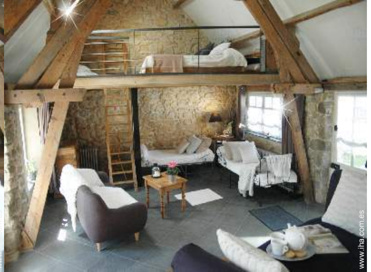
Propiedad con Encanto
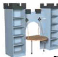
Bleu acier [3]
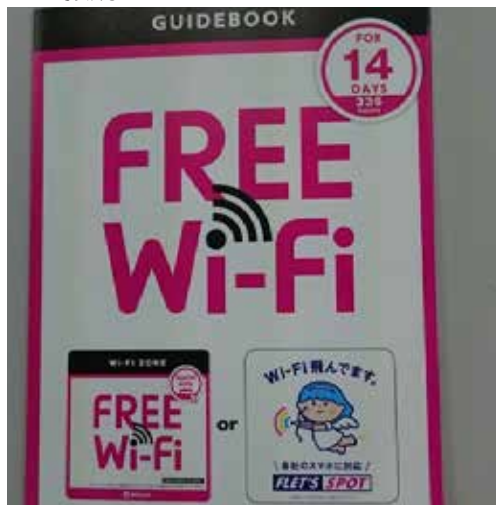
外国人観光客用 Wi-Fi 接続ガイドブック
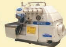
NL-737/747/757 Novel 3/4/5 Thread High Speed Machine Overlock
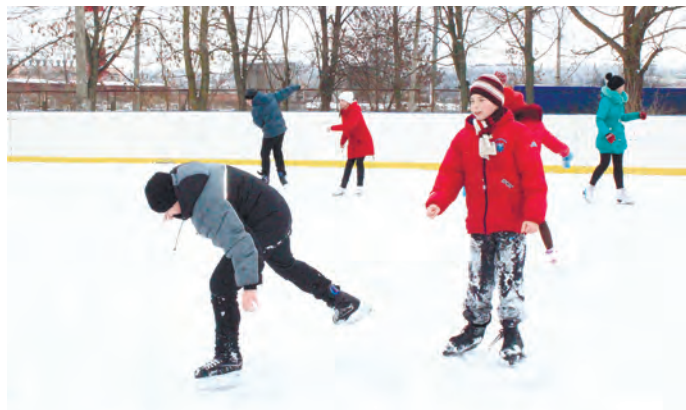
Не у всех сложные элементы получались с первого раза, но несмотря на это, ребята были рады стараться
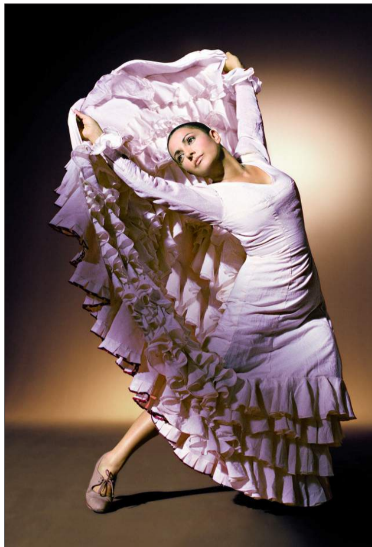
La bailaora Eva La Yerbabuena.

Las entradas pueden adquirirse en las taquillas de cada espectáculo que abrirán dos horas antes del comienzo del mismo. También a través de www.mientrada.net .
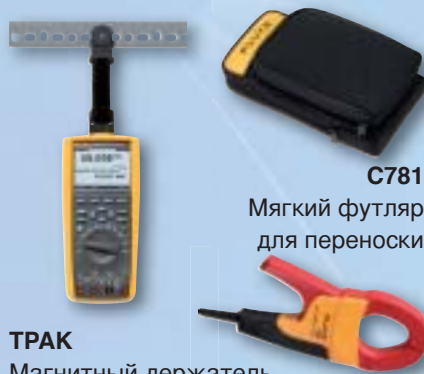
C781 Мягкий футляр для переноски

_EXERCISE OBJECTIVE_
Set down exactly, and only, the lines from the one holding "外国人観光客用 Wi-Fi 接続ガイドブック" to the end of the records above, leaving every picture out.

_RESULT_
外国人観光客用 Wi-Fi 接続ガイドブック
NL-737/747/757 Novel 3/4/5 Thread High Speed Machine Overlock
Не у всех сложные элементы получались с первого раза, но несмотря на это, ребята были рады стараться
La bailaora Eva La Yerbabuena.

Las entradas pueden adquirirse en las taquillas de cada espectáculo que abrirán dos horas antes del comienzo del mismo. También a través de www.mientrada.net .
C781 Мягкий футляр для переноски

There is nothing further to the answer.